I build a test database with 1.2 million structures as local database. The good news is that one can build such a large database. However, it seems to me the SSS is with 4 minutes about as fast (or slow) as a text string search. It seems the structures are not indexed particularly. Or, do I need to make adjustments.
There should be no need to make any adjustments. So it seems that the time is about right. I'm affraid that it cannot be speeded up easily. We have some customers using MySQL with several millon structures and the search takes several minutes to run...
We provide the solution based on Oracle Cartridge which is particularly suitable for large databases. The difference in performance against the local database is enormous. Please refer to JChem Cartridge product if you are interested.
Sorry, I was not precise about the search times. Only the first search could take minutes and next searches should be finished within seconds, when the structures are in cache.
Yes - only the first search is not so fast!
I am working on a 64 bit Window 8 machine (modified to Windows 7 look and feel) with 8GB Ram. Would it make a difference to install Java 64 bit? Presently the 32 bit version is installed.
We are testing speed also on a 64bit Linux server with MySQL as database.

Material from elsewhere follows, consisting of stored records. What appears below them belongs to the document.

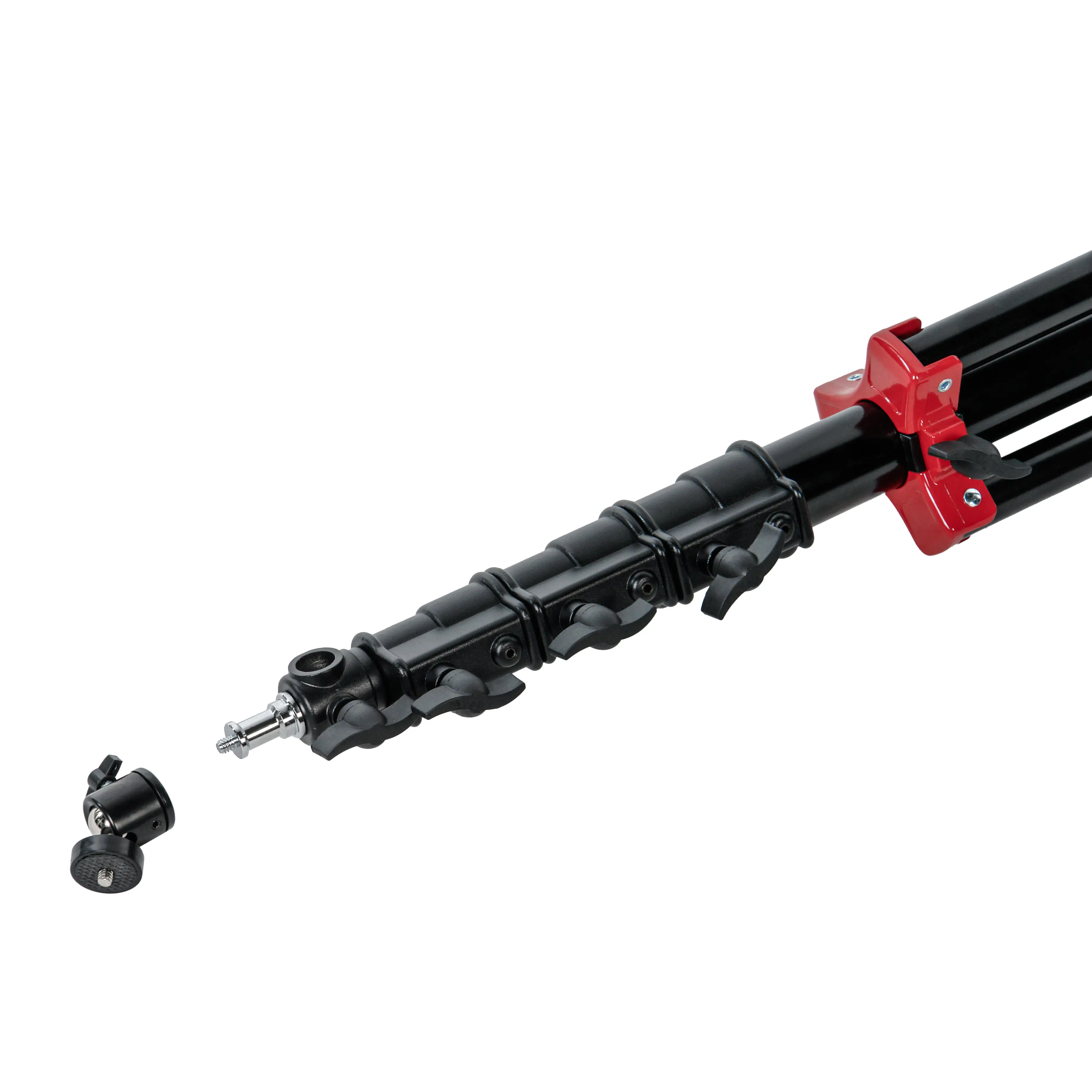 Ножки стойки стабилизированы специальной алюминиевой растяжкой, повышающей общую устойчивость конструкции. При съемке в сложных условиях можно закрепить на основании стойки дополнительный груз, например, , заполненный песком.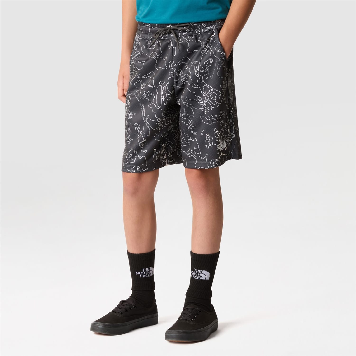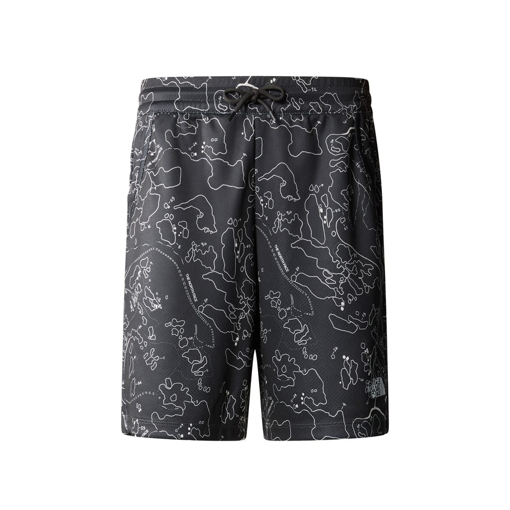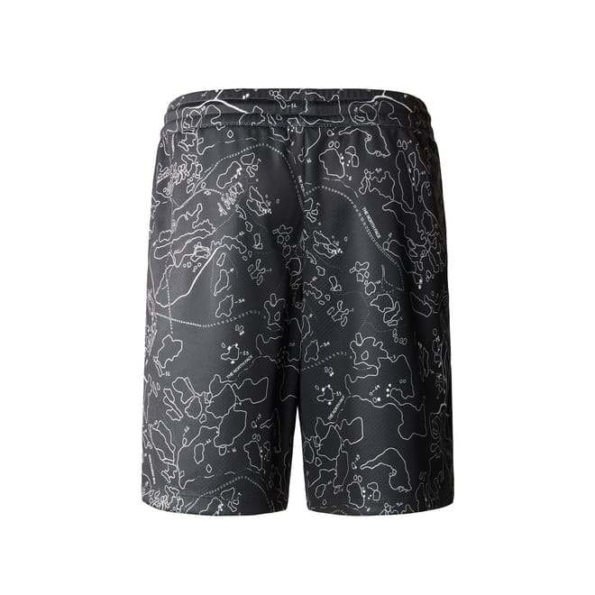The North Face athletic shorts are perfect for active days. Featuring a drawstring closure for a secure fit, these shorts are designed with a stylish graphic print and a prominent logo embellishment. Ideal for those who value both functionality and fashion in their athletic wear. -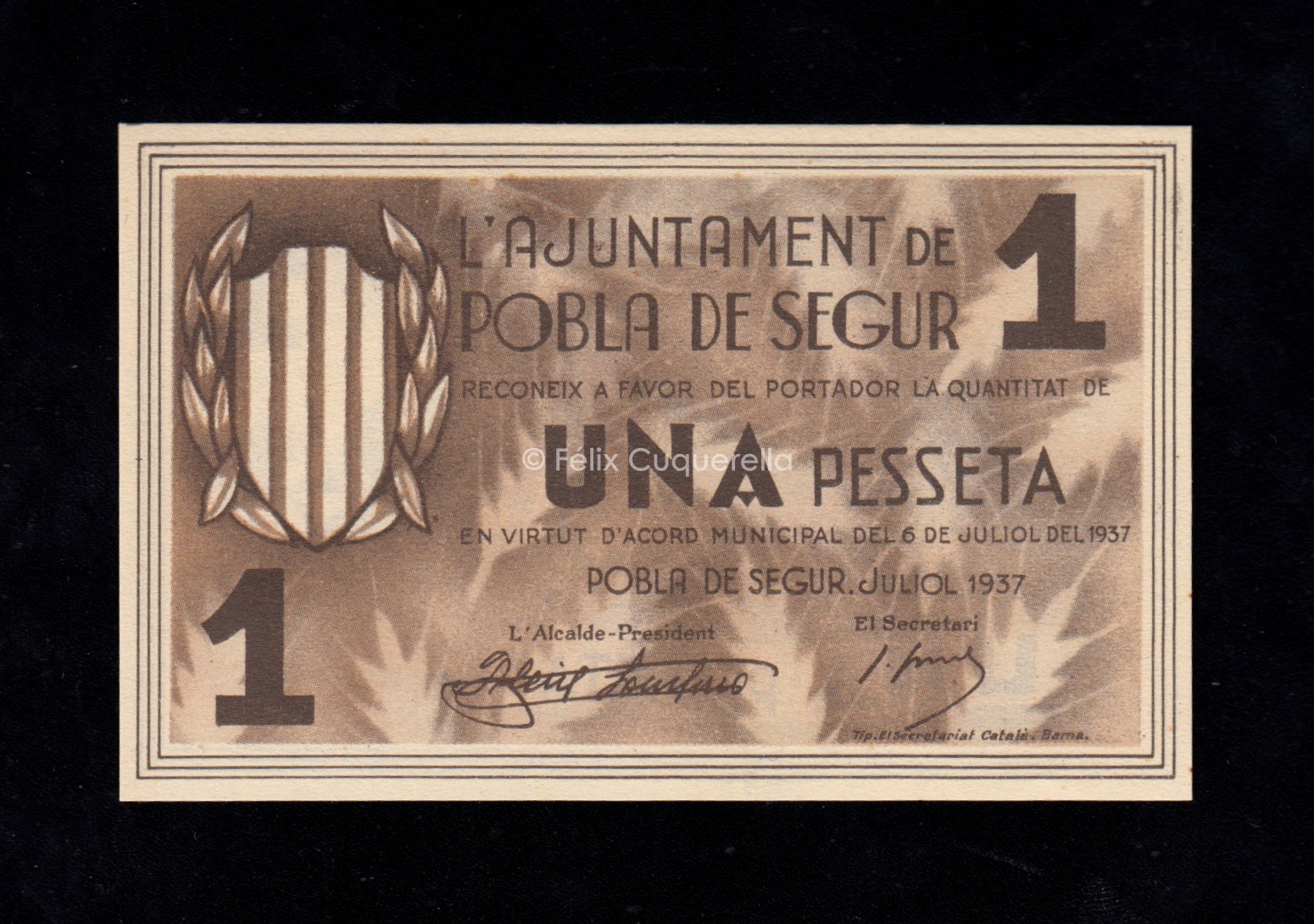 Pobla de Segur (Barcelona), 1 peseta 1937, S/C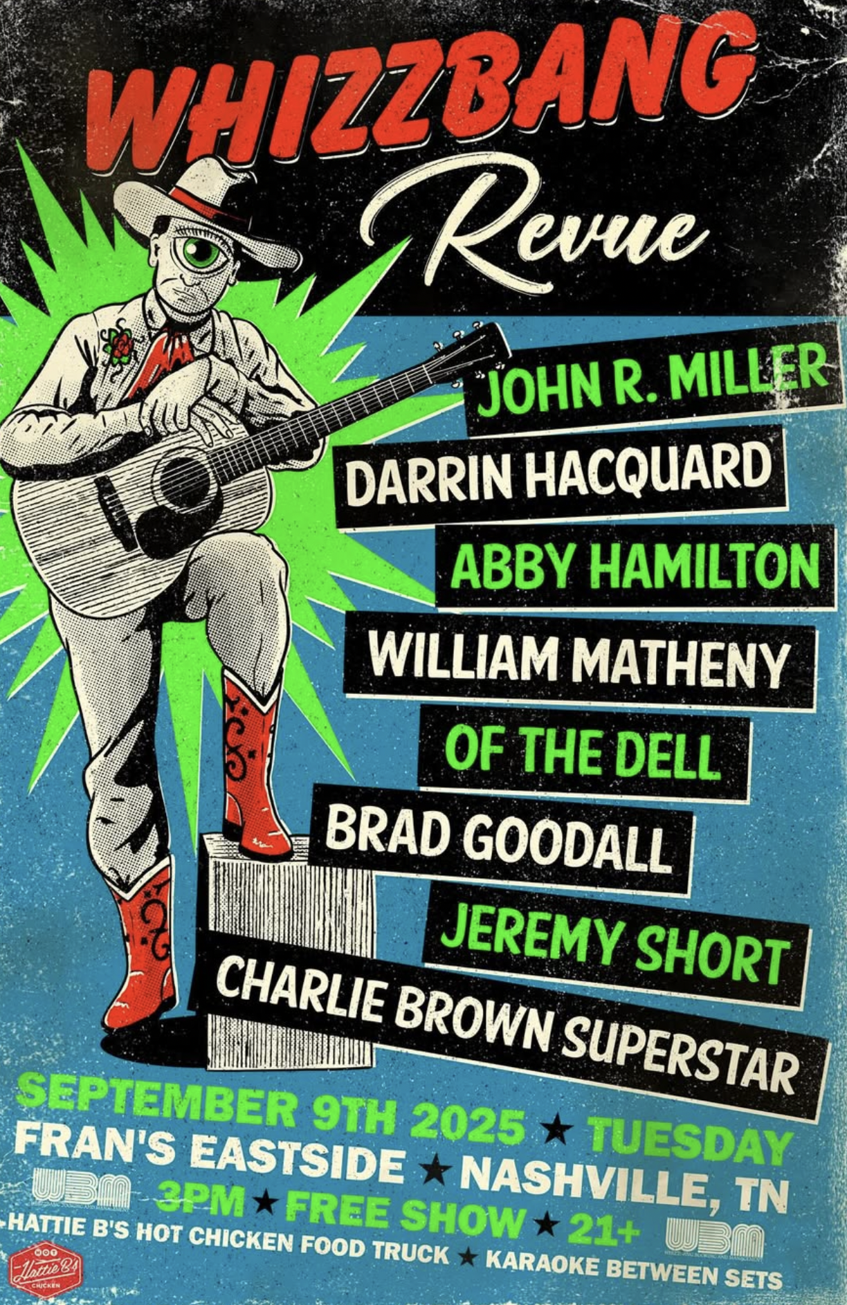 On the first official day of the festival (i.e. today) I think the spot to be during the day is the Whizzbang Review over at Fran's Eastside, starting at 3 p.m. Make sure to stay for Abby Hamilton and John R. Miller in particular, two newsletter favorites. Then I'd hop over to Dee's for the Old Fashioned String Band Throwdown or Olivia Management & Friends at Gray Matters Studio (2301 Bransford Ave,) from 6-10 p.m., where you can see Aaron Lee Tasjan, Ruthie Collins, Remi Goode and more.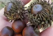 栓皮栎是壳斗科栎属的高大落叶乔木。株高达30米;树皮深纵裂;小枝无毛;叶片卵状披针形或长椭圆状披针形,基部宽楔形或近圆,具刺芒状锯齿;果壳斗杯状,顶端平圆;花期3-4月;果期翌年9-10月。…全部>>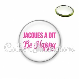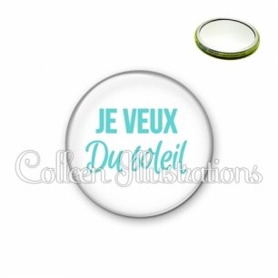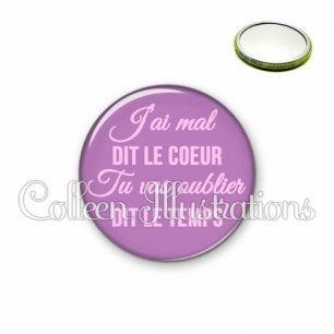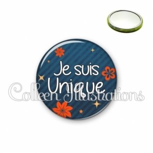Miroir simple avec dos métallique décoré d'une image fantaisie et texte.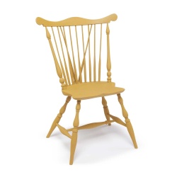 The fan-back side chair was introduced in North Eastern U.S. around 1760. The back spindles are carved and mortised directly into the seat and topped with a curved crest rail (featuring either turned up or turned down ears). Also typical of this style of chair ours has nine spindles (not including the brace if present).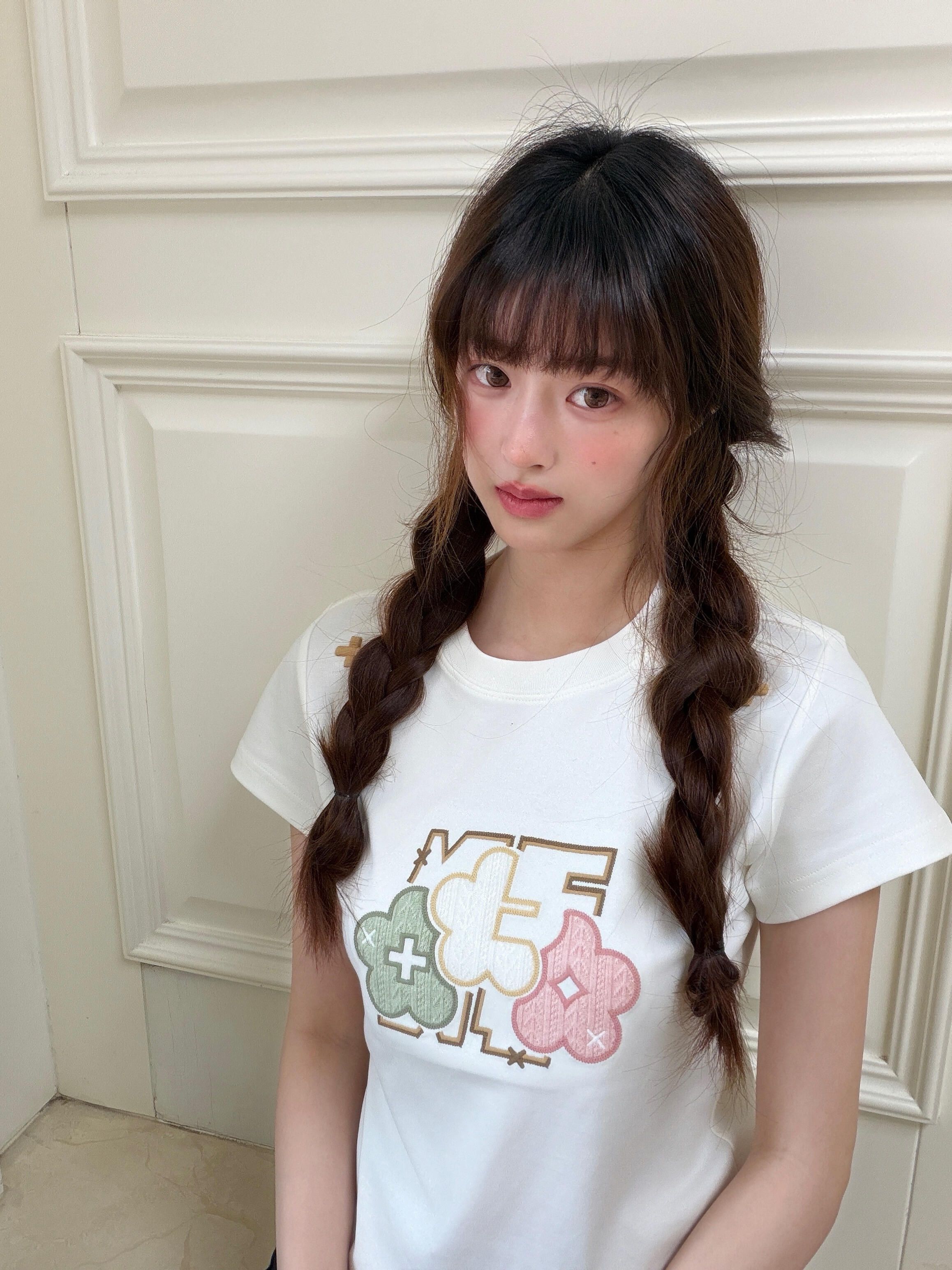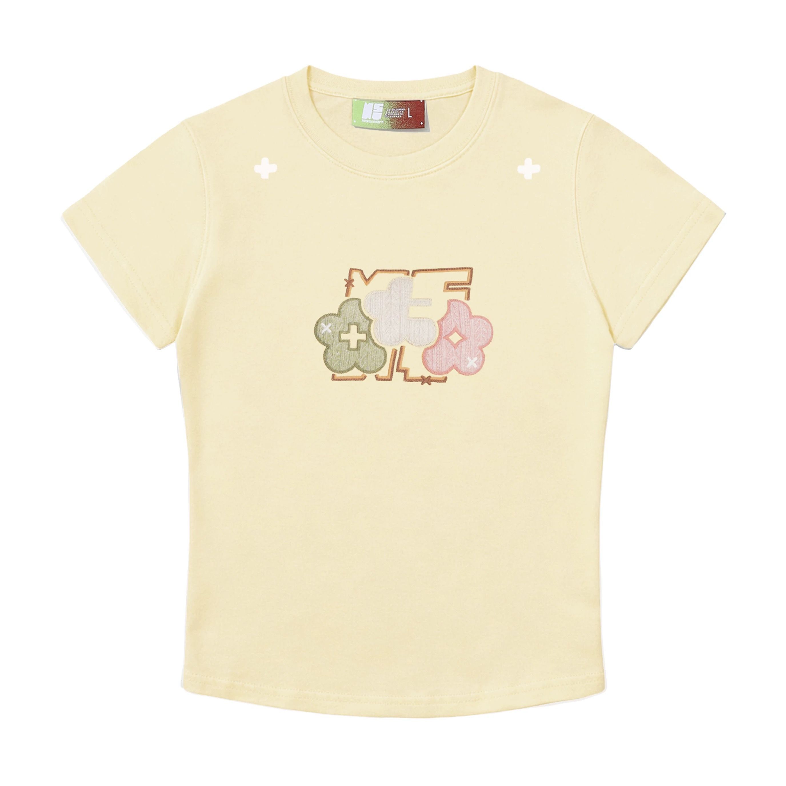 BY18530# 三本针+原版贴布刺绣19支纯棉短袖T恤女 服裝批發女裝批發服飾貨源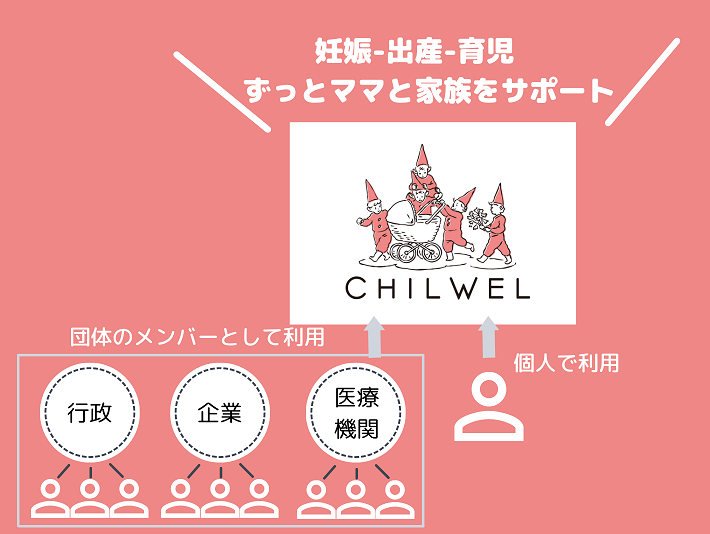 『CHILWEL』はこのように、個人で利用するだけでなく、より多くの行政や企業にグループ会員として導入いただくことで、ご家庭の経済力に関わらず、誰もが平等に専門家のケアを受けられる産前産後支援の実現、ひいては安心して産み育てられる環境の整備につながります。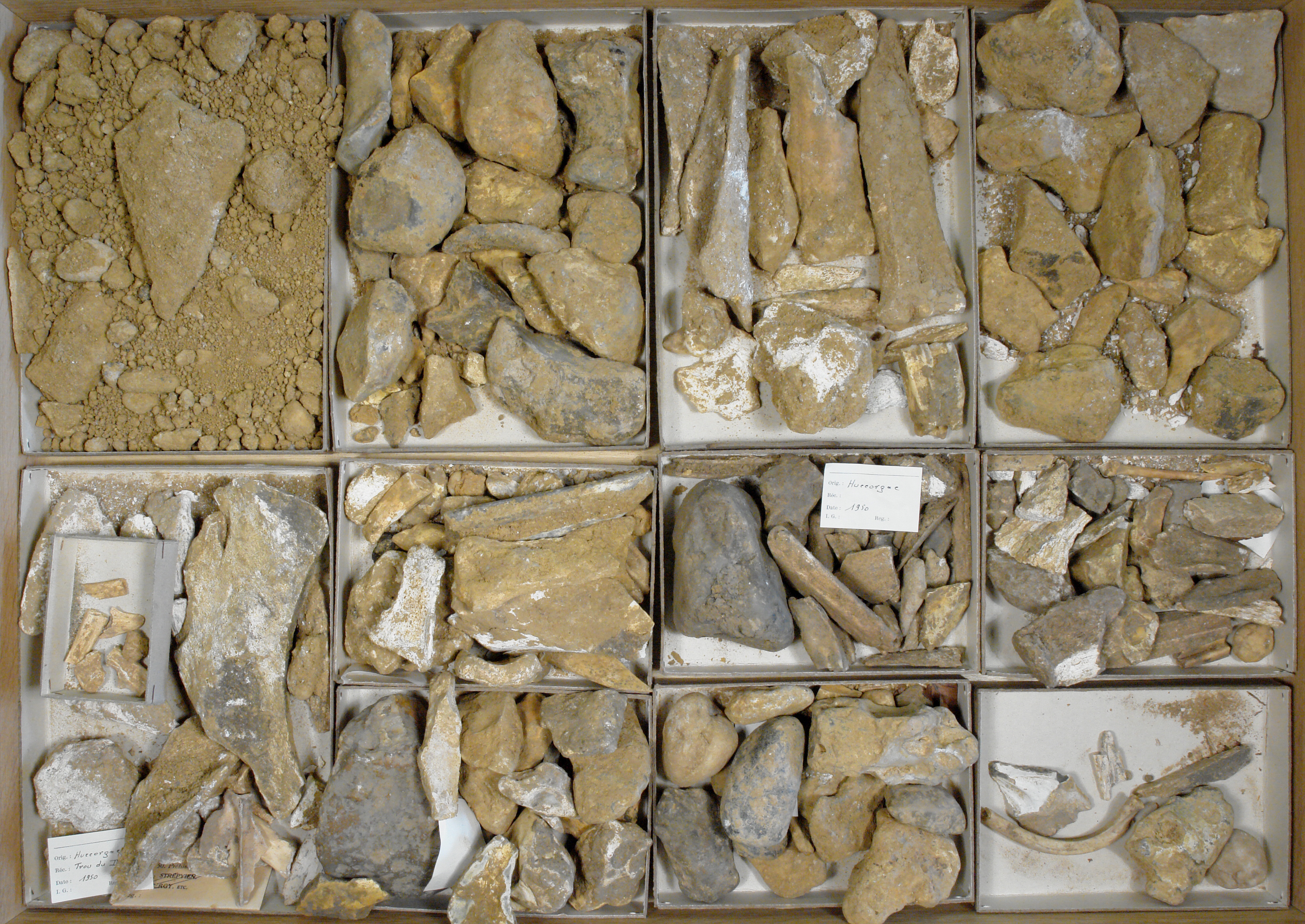 Huccorgne - échantillons litho. et divers: 12 cuvettes.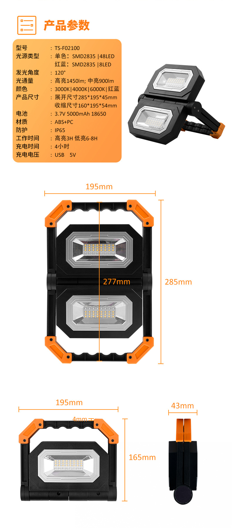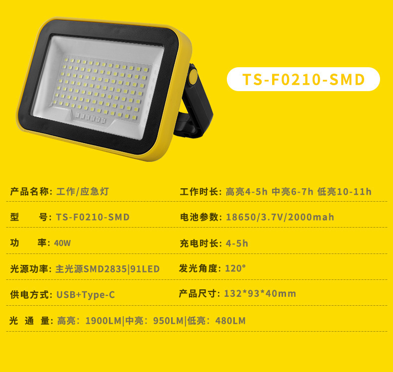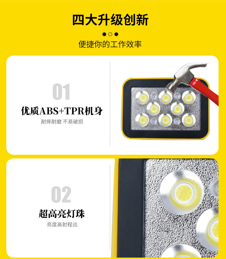 국경 간 작업 조명 충전식 LED 비상 조명 다기능 조명 COB 자기 작업 조명 야외 조명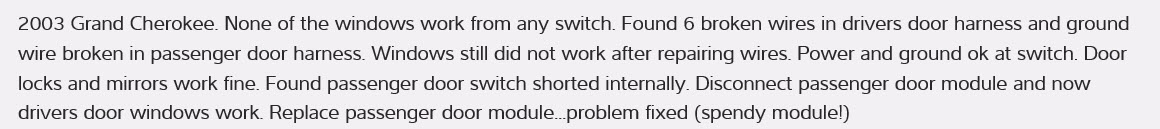 A year ago I was told by a Jeep dealer that the wires (thick black and pink wires) in the boot of the door were broke from wear. I believed they were cut. Anyway, I was able to get the wires connected and the windows worked. I did this twice (each time the wires slipped from the connectors). This is third time I connected them nothing worked.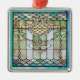 ornamento premium quadrado com uma imagem de intrincado vidro corado em cor rosa, azul e verde. Veja toda a coleção de ornamentos Roaring 20s em TOUCHES ESPECIAIS | Seção Favoritos para festas.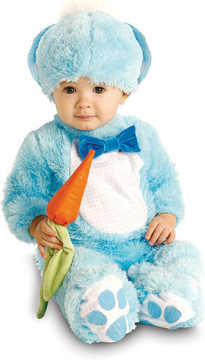 - Package contains jumpsuit, headpiece with ears, and carrot rattle

I have no benchmarks available wrt your question right now.
Basically I would not expect a big difference in the first search. It's limited by the Derby Database engine (for the local database) and its IO operations.
What could help in case of really big database is increasing Java heap memory available to Instant JChem. But this counts only for other searches from cache (so the cache can store more structures). Java heap memory size for 32bit Java is limited to ~1300MB whereas for 64bit Java you can set up more.
Searchtimes are roughly similar with a remote MySql database running on a linux server with bucketloads of ram.
On a 9.8 milion compounds table the initial search takes around 40 minutes in our setup. That is about the time needed to build a new index, so i guess that is what hapens (probably clientside). Consecutive searches use the same calulated index (or whatever the term is) and are therefore superfast.
If you then change something essential to the search criteria (so not adding more restrictions, but for example change the scaffold structure in your search) this whole process will take place all over again.